Mortgage lenders are in the business of originating mortgage loans. The more mortgage loans they originate, the more money they make. Mortgage lenders want to make as many mortgage loans as possible. However, they need to make sure that the mortgage loans they originate and fund are good mortgage loans and do not default. Mortgage lenders need to follow strict FHA and/or Fannie Mae mortgage lending guidelines in order for them to be able to re-sell the mortgage loans they originate to the secondary market. If they make any mistake in not following the standard FHA and/or Fannie Mae guidelines, it may mean that they need to be stuck with holding the mortgage loan and not being able to sell them on the secondary marketplace.
Ideal Mortgage Loan Borrower
The ideal mortgage loan borrower for every mortgage lender is a borrower who has high credit, great stable income, excellent payment history, no late payments, no bankruptcies, no foreclosures, no deed in lieu of foreclosures, no short sales, low debt to income ratios, consistent employment, rental verification, sufficient reserves, lower loan to value, and compensating factors. Unfortunately, this is most likely not the case and those with the above credit and financial profile can go anywhere and can bank they will get an instant mortgage loan approval. For those mortgage loan borrowers seeking a home loan with bad credit, there are things that mortgage lenders look for.
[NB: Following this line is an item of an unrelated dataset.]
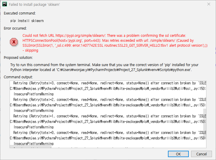 Could not fetch URL https://pypi.org/simple/sklearn/: There was a problem confirming the ssl certificate: HTTPSConnectionPool(host='pypi.org', port=443): Max retries exceeded with url: /simple/sklearn/ (Caused by SSLError(SSLError(1, '_ssl.c:499: error:1407742E:SSL routines:SSL23_GET_SERVER_HELLO:tlsv1 alert protocol version'),)) - skipping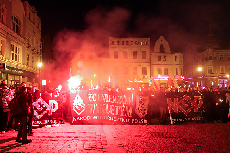 Następnie manifestacja ruszyła w blasku pochodni ulicami miasta, a jej uczestnicy wznosili okrzyki, które z wielka siłą odbijały się od murów żarskich kamienic: „Cześć i chwała bohaterom”, „Narodowe Siły Zbrojne”, „Bóg, honor i ojczyzna”, „Narodowy radykalizm”, „Nachodzą, nadchodzą nacjonaliści”, „Nie czerwona, nie tęczowa – tylko Polska Narodowa”, „Precz z Unia Europejską”, „Wczoraj Moskwa, dziś Bruksela – Polak żadnej nie wybiera’, „Nigdy więcej komunizmu” i inne.

How Mortgage Lenders View Credit History
We will discuss credit scores in the next paragraph and discuss credit history. Mortgage lenders do not just look at a mortgage loan borrower’s credit scores. Mortgage underwriters will review the mortgage loan borrower’s overall credit history. You can get a home loan with bad credit but your credit history will be reviewed and analyzed on the period of bad credit you had. For example, if you had a ten year credit history and had great credit for the first 7 years but lost your job on the 8th year, your credit scores might have plummeted on the 8th and 9th year but on your 10th year, your credit may have started to get re-established. This is honorable and understandable. On year 8 or year 9, you may have filed bankruptcy, had a foreclosure or deed in lieu of foreclosure, or even had a short sale but on year 10, you might have gotten 3 to 5 secured credit cards and had a perfect on time payment history. This is very important. What mortgage lenders will look on this case scenario is that you had stellar credit for the first 7 years of your life and the two years, 8th year and 9th year, the reason for your bad credit was due to a loss of job, loss of business, sickness, or divorce and due to these extenuating circumstances, your credit went to HELL but after you got new employment, you began to re-establish your credit by establishing new credit either by getting secured credit cards or adding other positive credit.
Credit After Bankruptcy And Foreclosure
Many mortgage lenders do not want to see any late payments after a mortgage loan applicant has filed bankruptcy and/or had a foreclosure. Late payments after a bankruptcy and/or short sale is an automatic denial for most mortgage lenders. Mortgage lenders want to see re-established credit after a bankruptcy and/or foreclosure.
Verification of rent is extremely important and carries a lot of weight. Verification of rent is only proven by providing the mortgage lender 12 months of cancelled checks paybable to the landlord. Cash payments and a receipt by the landlord cannot be used to prove rental verification. If you are renting from a registered property management company, a letter from the property management manager is sufficient. Make sure if you are renting, you pay your monthly rent payments with a check.
No Bank Overdrafts In Past 12 Month
One of the worst things mortgage lenders do not like to see is overdrafts in bank statements in the past 12 months. Bank overdrafts is viewed by mortgage lenders as financial irresponsibility and mortgage loan applicants can get denied for a residential mortgage loan with bank overdrafts in their bank statements.